People v. Fagan

Appeal from a judgment of the Erie County Court (Timothy J. Drury, J.), rendered November 3, 2006. The judgment convicted defendant, upon a jury verdict, of assault in the first degree, assault in the second degree (two counts) and attempted assault in the second degree.

It is hereby ordered that the judgment so appealed from is unanimously affirmed.

Memorandum: Defendant appeals from a judgment convicting him after a jury trial of, inter alia, assault in the first degree (Penal Law § 120.10 [1]) and two counts of assault in the second degree (§ 120.05 [2]). We reject the contention of defendant that County Court erred in denying his request to charge certain reckless assault crimes as lesser included offenses of the intentional assault crimes. The record establishes that, at the charge conference, defense counsel stated that he was not requesting that the court charge any lesser included offenses. The record further establishes that, following the conclusion of the prosecutor’s summation, defense counsel then asked the court to charge the reckless assault crimes in question. Although *1154defendant’s request to charge those lesser included offenses was timely made (see CPL 300.10 [5]; People v Cabrera, 268 AD2d 316, 317-318 [2000], lv denied 94 NY2d 945 [2000]; People v Mc-Innis, 179 AD2d 781, 782 [1992], lv denied 79 NY2d 1004 [1992]; People v Sztuk, 126 AD2d 950 [1987], lv denied 69 NY2d 887 [1987]; People v Hanley, 87 AD2d 850, 851 [1982]), we conclude under the circumstances of this case that the court properly exercised its discretion in determining that such a charge would result in prejudice to the People and would negatively affect the efficient administration of the trial.

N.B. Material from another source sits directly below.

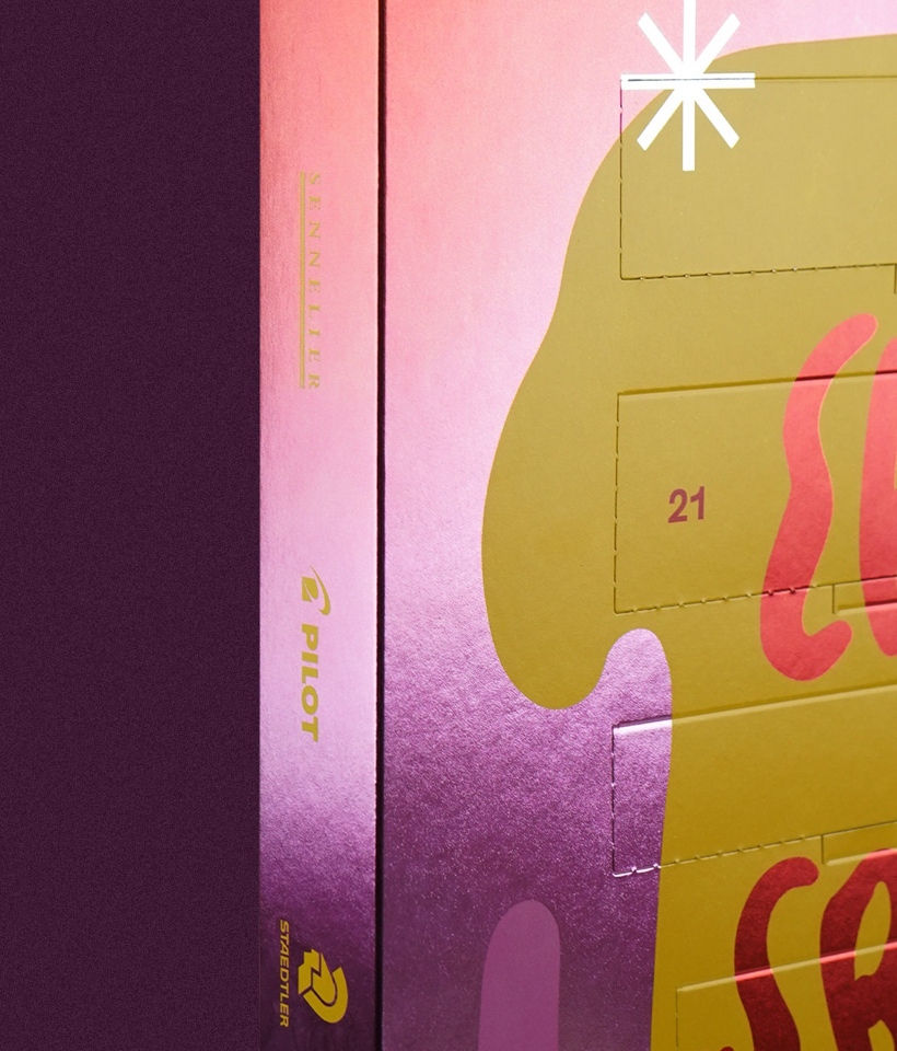 Årets kalender skinner som en julekugle og rummer produkter fra nogle af de fremmeste producenter: Sakura, Aquafine, Sennelier, Platinum, Staedtler, Sharpie, Primo, Pilot, Amsterdam, Leuchtturm1917, Lyra, Stabilo, Giotto, ZIG Kuretake, Ecoline, Rhodia, Raphael og Blockx.

We further reject the contention of defendant that defense counsel’s failure to request the charge prior to summations deprived him of his right to effective assistance of counsel (see generally People v Baldi, 54 NY2d 137, 147 [1981]). Defendant has failed “ ‘to demonstrate the absence of strategic or other legitimate explanations’ for [defense] counsel’s alleged shortcomings” (People v Benevento, 91 NY2d 708, 712 [1998]).

Contrary to defendant’s further contention, the conviction is supported by legally sufficient evidence. Viewing the evidence in the light most favorable to the prosecution, as we must (see People v Contes, 60 NY2d 620, 621 [1983]), we conclude that there is a “ ‘valid line of reasoning and permissible inferences from which a rational jury could have found the elements of the crime[s] proved beyond a reasonable doubt’ ” (People v Danielson, 9 NY3d 342, 349 [2007], quoting People v Acosta, 80 NY2d 665, 672 [1993]). Also contrary to defendant’s contention, the verdict is not against the weight of the evidence (see generally Danielson, 9 NY3d at 348-349; People v Bleakley, 69 NY2d 490, 495 [1987]).

Defendant further contends that the court erred in denying his motion to set aside the verdict pursuant to CPL 330.30 (3), which motion was based on the discovery by defendant after the trial that a videotape of his booking procedure had at one time existed. According to defendant, the videotape would have established that he was intoxicated at the time of the booking procedure. We reject the contention of defendant that the court erred in denying his motion. Although the videotape had been destroyed pursuant to standard police policy, we conclude in any event that the videotape, which had no audio component, would have been merely cumulative of the police testimony at trial concerning defendant’s intoxication. It thus cannot be said that the videotape was “of such character as to create a probability that had such evidence been received at the trial the verdict would have been more favorable to the defendant” (CPL 330.30 [3]; see People v Wright, 43 AD3d 1359, 1360 [2007], lv denied 9 *1155NY3d 1011 [2007]; People v McCullough, 275 AD2d 1018, 1019 [2000], lv denied 95 NY2d 936 [2000]). Finally, the sentence is not unduly harsh or severe. Present—Scudder, EJ., Martoche, Fahey, Peradotto and Gorski, JJ.